The Securities and Exchange Commission warned Chinese companies on Tuesday not to violate legal and auditing requirements as they switch to U.S.-based auditors in order to comply with a law that threatens to delist them from American stock exchanges.

In order to avoid a potential trading ban, numerous Chinese companies with multinational operations have switched their primary auditors to U.S.-based accounting firms in recent months. Paul Munter, acting chief accountant at the U.S. securities regulator, said on Tuesday that these arrangements raise questions about whether the newly engaged audit firms in the U.S. and elsewhere fulfill their duties as lead auditors.

The PCAOB has recently strengthened the requirements for lead auditors supervising other auditors outside of their own firms. Auditors in charge are now required to obtain written attestations from third parties regarding the quality of their work.

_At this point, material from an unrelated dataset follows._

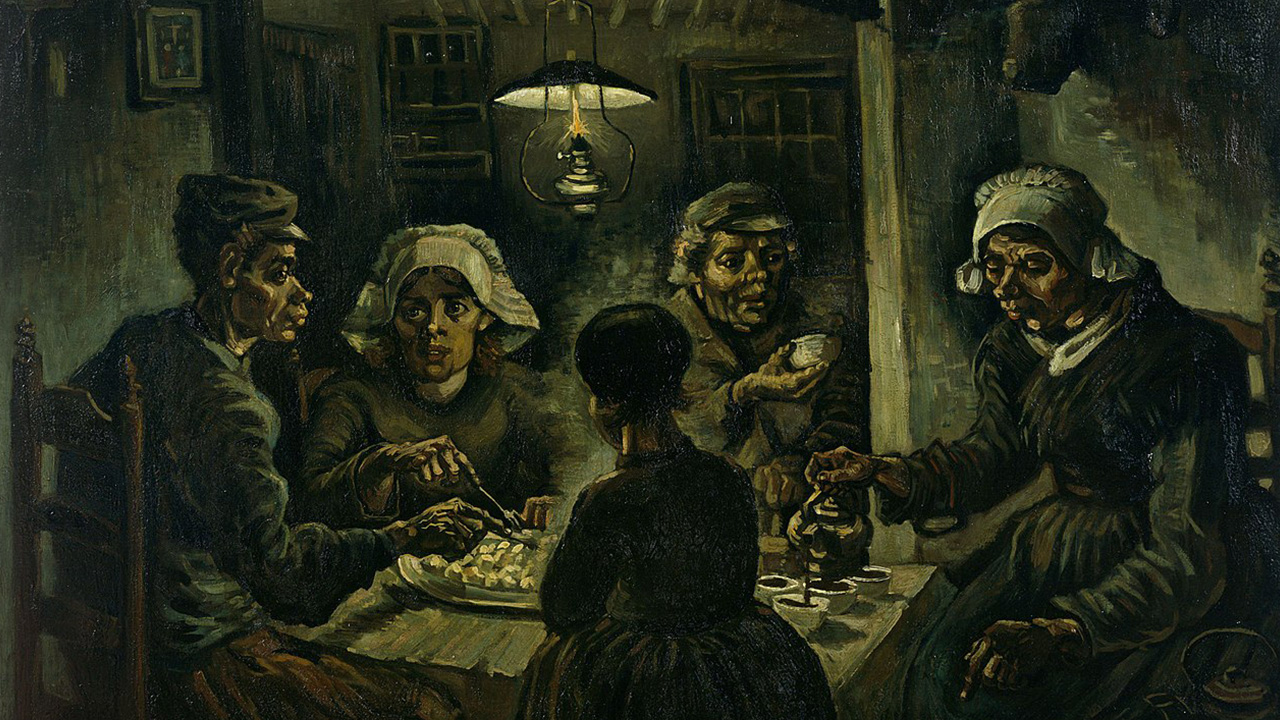 فلاحون بأيدٍ خشنة ومجعّدة، ووجوه قاسية الملامح، بارزة العظام يُضيئها نور خافت من فانوس معلق، وصحن بطاطس كبير تمتد إليه أصابع تبدو كالعظام لفرط هزلها وضعفها، وامرأة تصب القهوة، وطاولة بأطراف مهترئة ومتآكلة. كانت كل هذه تفاصيل رسمها الفنان الهولندي فينسنت فان غوخ في لوحته الشهيرة "آكلو البطاطا" التي قد لا تنجذب العين لها بسهولة لكآبة جوها وملامح شخصياتها الدميمة إلى حد ما.

Mr. Munter warned that Chinese companies and accounting firms "may be tempted to engage in an effective violation of other applicable legal and audit requirements," which could result in investigations and enforcement actions from the PCAOB, SEC, or both.

"Any attempt by issuers or accounting firms to engage in such an effective violation and avoid the consequences of the HFCAA in violation of other legal and auditing requirements should be avoided," Mr. Munter stated.

Several U.S.-based accounting firms are able to audit Chinese companies in collaboration with local accounting firms and independent contractors, who conduct the work on the computer systems of the U.S. audit firms. The PCAOB has the authority to examine audit records maintained by U.S. accounting firms.

After a decade-long standoff over the audit of working papers of New York-listed Chinese companies, the U.S. and Chinese governments reached an agreement last month for the PCAOB to inspect China-based audit firms. The agreement permits PCAOB inspectors to travel to Hong Kong and mainland China for inspection purposes.

Accounting firms that issue an annual report on a company's financial statements typically assemble a team of several external auditors, who are typically independent accountants or accounting firms. Under U.S. standards, audit firms are permitted to use the work of another auditor as long as the requirements for serving as the lead auditor can be met and the lead auditor is able to carry out its responsibilities regarding supervision and documentation.

Mr. Munter stated that if the lead auditor fails to comply with any of the PCAOB's inspection or investigative requirements, as well as other requirements, the firm's personnel and the company being audited could be held liable.